Mechanical and osmotic strain amplify PIEZO1 function. Control mouse portal vein tension data (endothelium intact). (A) Concentration‐response data for Yoda1‐induced relaxation in normal (open symbol, .8 mN tension and 282 mOsm·kg⁻¹), hyper‐stretch (light purple symbol, 2.2 mN tension and 282 mOsm·kg⁻¹), hypo‐tonicity (dark purple symbol, .8 mN tension and 255 mOsm·kg⁻¹) and combined hyper‐stretch and hypo‐tonicity (blue symbol, 2.2 mN tension and 255 mOsm·kg⁻¹) conditions (n = 5, 5, 5 and 6 respectively). The normal condition data are reproduced from Figure 5A and are shown only as mean values. (B) In the combined hyper‐stretch and hypo‐tonicity condition, example trace (left) and summary data (right) for responses to Yoda1 (.1, .3, 1, 3 and 10 μM, indicated by the 5 dots on the traces) before and after incubation with 300 nM GSK2193874 (TRPV4 antagonist) (n = 6).
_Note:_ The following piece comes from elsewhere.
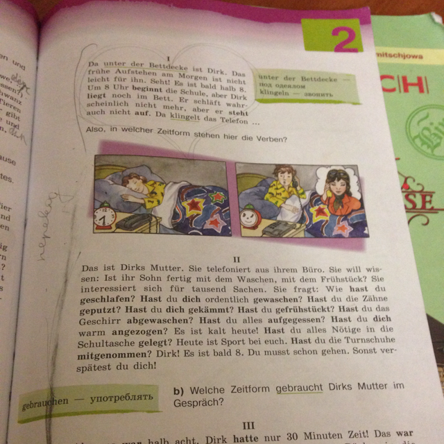 Там под одеялом Дирк. Рано вставать по утрам -- нелегко для него. Посмотрите! Уже скоро половина 8. А в 8 утра уже начинаются уроки,но Дирк ещё лежит в кровати. Наверное он уже не спит,но и не встаёт. Тут звонит телефон..

The Yoda1‐only data are reproduced from (a) and shown only as mean values. ANOVA (a) at the indicated Yoda1 concentration: **p < .01 and ***p < .001 for hyper‐stretch plus hypo‐tonicity compared with normal and NS, where there are no asterisks. n indicates the number of mice.

FIGURE 7

Mechanical and osmotic strain suppress TRPV4 function. Control mouse portal vein tension data (endothelium intact). (A) In the hyper‐stretch or hypo‐tonicity condition, example traces (left and middle) and summary data (right) for responses to 1 nM GSK1016790A (n = 8 each). The summary data are for the first (1) and second (2) GSK1016790A responses, with wash‐out in between. The normal condition data are reproduced from Figure 2A for direct comparison. (B–E) In the normal, hyper‐stretch or hypo‐tonicity condition, example traces and summary data for PE (10 μM) responses without (−) and with (+) 300 nM GSK2193874 (n = 8 normal, n = 5 hyper‐stretch, n = 5 hypo‐tonicity). Summary data are shown as mean ± SD. ANOVA: (A ***p < .001; hyper‐stretch or hypo‐tonicity compared with normal for (1) and (2)) and (E NS). n indicates the number of mice.